The long-term impact of the pandemic on the credit quality of our loan portfolio cannot be reasonably estimated at this time. It will likely be influenced by a variety of factors including the depth and duration of the economic contraction and the extent of financial support and fiscal stimulus by the U.S. government. We will continue to closely monitor the effect on credit quality across all industry sectors in our diversified loan portfolio as the results unfold in future quarters. Management has been proactive with customers since the onset of the COVID-19 pandemic and granted short term payment deferrals to those requesting financial assistance. As of June 30, 2020, short term payment deferrals were granted on 1,130 loans amounting to $594.8 million, or 22% of the portfolio, excluding PPP loans. Management is closely monitoring loans on deferral and estimates that approximately 75% of these loans will return to payment status after the initial three-month period has expired. The remaining loans on

3


deferral are expected to be given another three-month deferral period. These loans continue to accrue interest in accordance with their initial terms.

Key Financial Highlights

Total assets amounted to $4.04 billion at June 30, 2020, compared to $3.24 billion at December 31, 2019, an increase of $802.2 million, or 25%. Since March 31, 2020, total assets have increased $670.1 million, or 20%. Excluding PPP loans, total assets have increased $312.0 million, or 10%, since December 31, 2019 and $179.9 million, or 5%, since March 31, 2020.

Total loans amounted to $3.18 billion at June 30, 2020, compared to $2.57 billion at December 31, 2019, an increase of $610.7 million, or 24%. Since March 31, 2020, total loans have increased $492.2 million, or 18%. Excluding PPP loans, total loans have increased $120.5 million, or 5%, since December 31, 2019 and $2.1 million since March 31, 2020.

Customer deposits were $3.57 billion at June 30, 2020, compared to $2.79 billion at December 31, 2019, an increase of $786.4 million, or 28%. Since March 31, 2020, customer deposits have increased $660.3 million, or 23%. Management believes this deposit growth was due in large part to customers depositing funds received from PPP loan advances and generally maintaining higher liquidity in response to the pandemic.

Investment assets under management amounted to $880.2 million at June 30, 2020, compared to $916.6 million at December 31, 2019, a decrease of $36.4 million, or 4%. Since March 31, 2020, investment assets under management have increased $87.0 million, or 11%, primarily due to asset growth from market appreciation.
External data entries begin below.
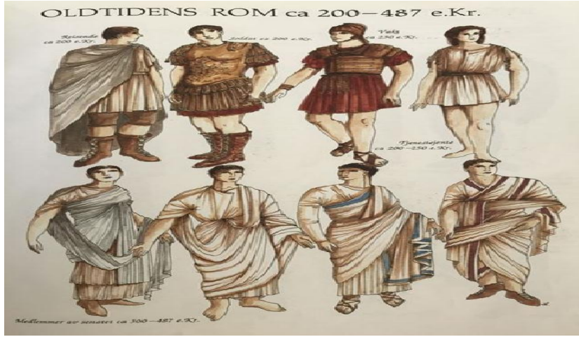
شكل رقم (3) عينة من الازياء التي يرتديها القادة والحكام وأعضاء مجلس الشيوخ الروماني

نقلا عن : ALEXANDRA CAOOM , CLTHING AND FASHION, p. 43
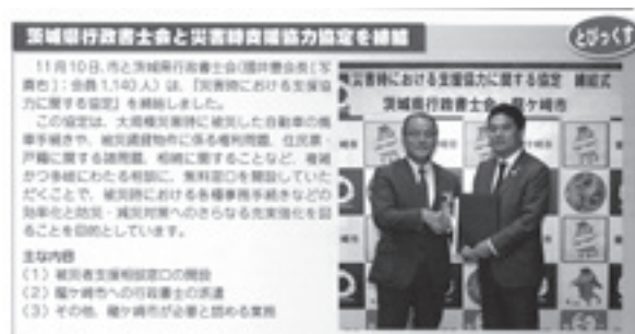
龍ヶ崎市報「りゅうけい」12月前半号
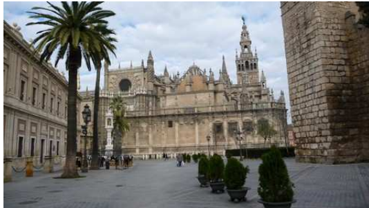
La cathédrale et sa Giralda

Retour par le bus à Dos Hermanas au camping club de Campo pour terminer cette journée.
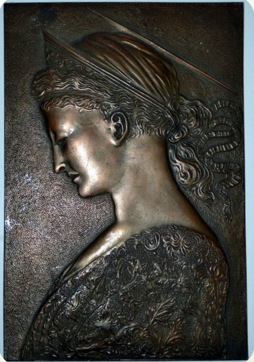
Рельеф св. Цецилии

Total assets under management amounted to $5.01 billion at June 30, 2020, compared to $4.25 billion at December 31, 2019, an increase of $763.7 million, or 18%. Since March 31, 2020, total assets under management have increased $753.7 million, or 18%. Excluding PPP loans, total assets under management have increased $273.5 million, or 6%, since December 31, 2019 and $263.6 million, or 6%, since March 31, 2020.
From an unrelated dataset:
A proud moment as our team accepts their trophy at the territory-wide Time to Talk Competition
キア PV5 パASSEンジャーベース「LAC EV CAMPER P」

Enterprise Bancorp, Inc. is a Massachusetts corporation that conducts substantially all of its operations through Enterprise Bank and Trust Company, commonly referred to as Enterprise Bank, and has reported 123 consecutive profitable quarters. Enterprise Bank is principally engaged in the business of attracting deposits from the general public and investing in commercial loans and investment securities. Through Enterprise Bank and its subsidiaries, the Company offers a range of commercial, residential and consumer loan products, deposit products and cash management services, electronic and digital banking options, and commercial insurance services, as well as wealth management, wealth services and trust services. The Company's headquarters and Enterprise Bank's main office are located at 222 Merrimack Street in Lowell, Massachusetts. The Company's primary market area is the Greater Merrimack Valley, Nashoba Valley, and North Central regions of Massachusetts and Southern New Hampshire (Southern Hillsborough and Rockingham counties). Enterprise Bank has 25 full-service branches located in the Massachusetts communities of Lowell (2), Acton, Andover, Billerica (2), Chelmsford (2), Dracut, Fitchburg, Lawrence, Leominster, Lexington, Methuen, Tewksbury (2), Tyngsborough and Westford and in the New Hampshire communities of Derry, Hudson, Nashua (2), Pelham, Salem and Windham. The Company is also in the process of establishing a branch office in North Andover, MA and anticipates that this location will open in late 2020 or early 2021.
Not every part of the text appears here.